Os laços com a utopia são pois afirmados e confirmados pelo projecto. Contudo, não se trata de um
modelo mas de um cenário. Enquanto que o Modelo espacial e modelo social de More foram
concebidos por um só indivíduo e ficaram-se pelo papel, o cenário é definido hoje como um
processo a construir no tempo, por uma comunidade real preocupada com a ética pública e com a
política.
É por isso que Magnaghi pode definir a sua experiência como uma utopia concreta – mas uma
utopia cuja necessidade actual foi provada pelo acolhimento unanime da imprensa italiana de todos
os quadrantes políticos ao seu último livro, O projecto local (IL Progetto Local, Bollati Boringhieri,
Turin, 2000).

Este percurso italiano tem equivalências noutros locais e pode ser suportado e pelas
aglomerações urbanas densas?
Nas grandes aglomerações, que, muitas vezes, já fizeram desaparecer todos os traços locais um tal
cenário exige evidentemente muita imaginação, mas não é impossível.
Para só falar da Europa, este tipo de dinâmica já figurou na Bélgica, em Bruges, pela equipa do
Groep Planning, em Portugal, pelo trabalho do antigo Vice-Presidente de Câmara de Lisboa,
(Director Municipal da Reabilitação Urbana) o arquitecto urbanista Filipe Lopes, com os habitantes
dos bairros mais pobres da cidade.

Entre nós também alguns sinais de mudança começam a parecer: Em primeiro lugar na mexida de
José Bové; mais discretamente no trabalho dos Pact Arim (associações locais para a melhoria da
habitação) ou em favor das federações intercomunais.

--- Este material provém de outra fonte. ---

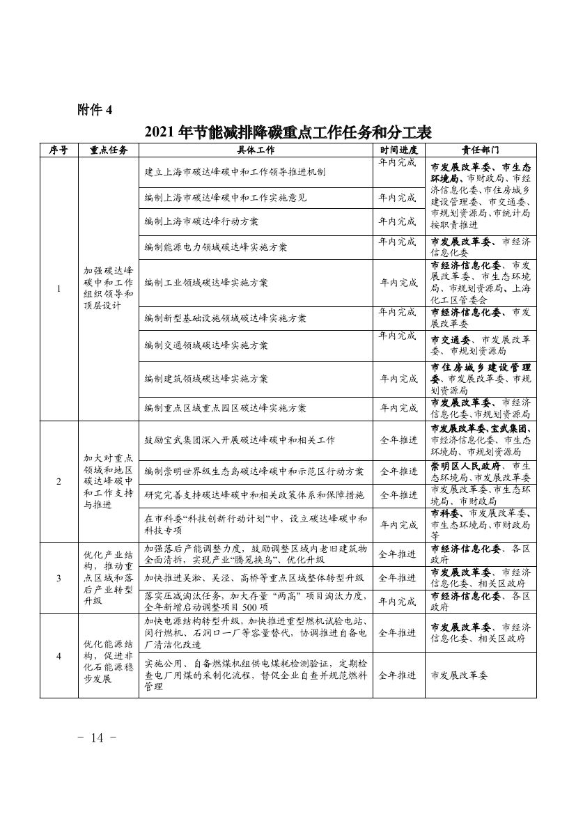 《工作安排》提出,加強碳達峰碳中和工作組織領(lǐng)導(dǎo)和頂層設(shè)計。建立上海市碳達峰碳中和工作領(lǐng)導(dǎo)推進機制,編制上海市碳達峰碳中和工作實施意見、上海市碳達峰行動方案,以及能源電力、工業(yè)、交通、新型基礎(chǔ)設(shè)施、建筑等重點領(lǐng)域碳達峰實施方案。

E vejo que a Universidade de Nanterres
anuncia a restruturação do seu património local....Segundo a bela forma de um jornalista italiano,
necessitamos, na hora da mundialização, mudar a consciência de classe pela consciência do lugar.

A utopia mais viva que nunca, é, não obstante, a prossecução de novas formas sociais e de novas
formas no habitar que nos fixam à terra e nos fazem, na diferença, realizar o nosso destino de
Homens.

*Professora Universitária, Françoise Choay publicou sobre o assunto Urbanismo, Utopias e


Realidades (Le Seuil, 1965), A Regra e o Modelo (Le Seuil, 1980), Alegoria do Património (Le
Seuil, 1992).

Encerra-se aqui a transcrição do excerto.